UNITED STATES DISTRICT COURT CENTRAL DISTRICT OF ILLINOIS
Oct 6, 2014
No. 14-1326 (C.D. Ill. Oct. 6, 2014)

Opinion

No. 14-1326

10-06-2014

MICHAEL HALL, Plaintiff, v. IDOC DIRECTOR GODINEZ, et al., Defendants


MERIT REVIEW AND CASE MANAGEMENT ORDER

The pro se Plaintiff, a state prisoner, initially filed his complaint on August 14, 2014, but now has filed a motion requesting leave to amend his pleadings. [4] The motion is granted. [4] The court is required by 28 U.S.C. §1915A to "screen" the Plaintiff's amended complaint, and through such process to identify and dismiss any legally insufficient claim, or the entire action if warranted. A claim is legally insufficient if it "(1) is frivolous, malicious, or fails to state a claim upon which relief may be granted; or (2) seeks monetary relief from a defendant who is immune from such relief." 28 U.S.C. §1915A.

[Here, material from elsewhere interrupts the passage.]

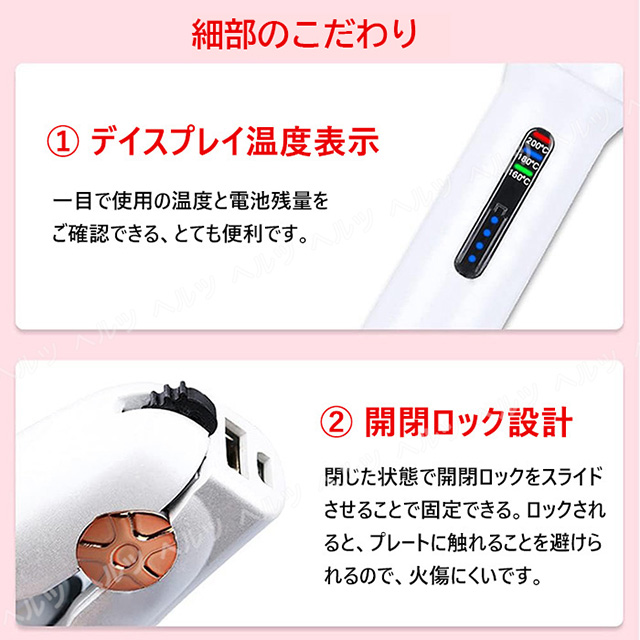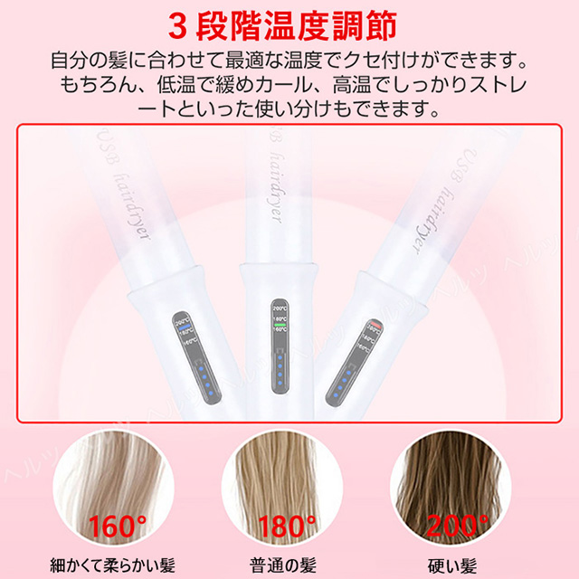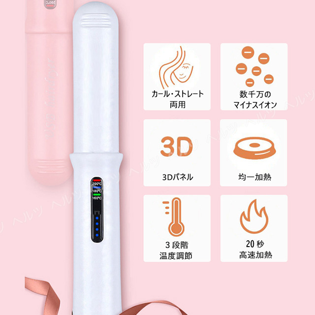 【3段階の温度調節】160℃、180℃、200℃温度設定ができ、髪質に合わせた最適な温度で、髪の美しさを最大限に引き出すことができます。髪の毛に均一に熱が伝わり、ストレートもカールもスタリングが楽々仕上がります。

Before reviewing the Plaintiff's allegations, the court notes the Plaintiff has accumulated at least three strikes pursuant to 28 U.S.C. §1915A(g) . This statute provides:

See Southern District of Illinois Cases: Hall v. Taylor, Case No. 11-cv-21(dismissed Feb. 5, 2011, for failure to state a claim); Hall v. Carter, Case No. 10-cv-944 (dismissed Feb. 6, 2011, for failure to state a claim); Hall v. Gardener, Case No. 10-cv-539 (dismissed Feb. 9, 2011, for failure to state a claim); Hall v. Pautler, Case No.10-cv-766 (dismissed Feb. 12, 2011, for failure to state a claim); Hall v. Taylor, Case No.10-cv-947 (dismissed Feb.12, 2011, as frivolous); Hall v. Allsup, Case No. 10-cv-643 (dismissed Mar. 28, 2011, for failure to state a claim); Hall v. Randle, Case No. 10-cv-642 (dismissed Apr. 1, 2011, as frivolous and for failure to state a claim); Hall v. Brown, Case No. 10-cv-724 (dismissed Apr. 13, 2011, for failure to state a claim); Hall v Rovner, 13-cv-270(dismissed April 17, 2013 as frivolous).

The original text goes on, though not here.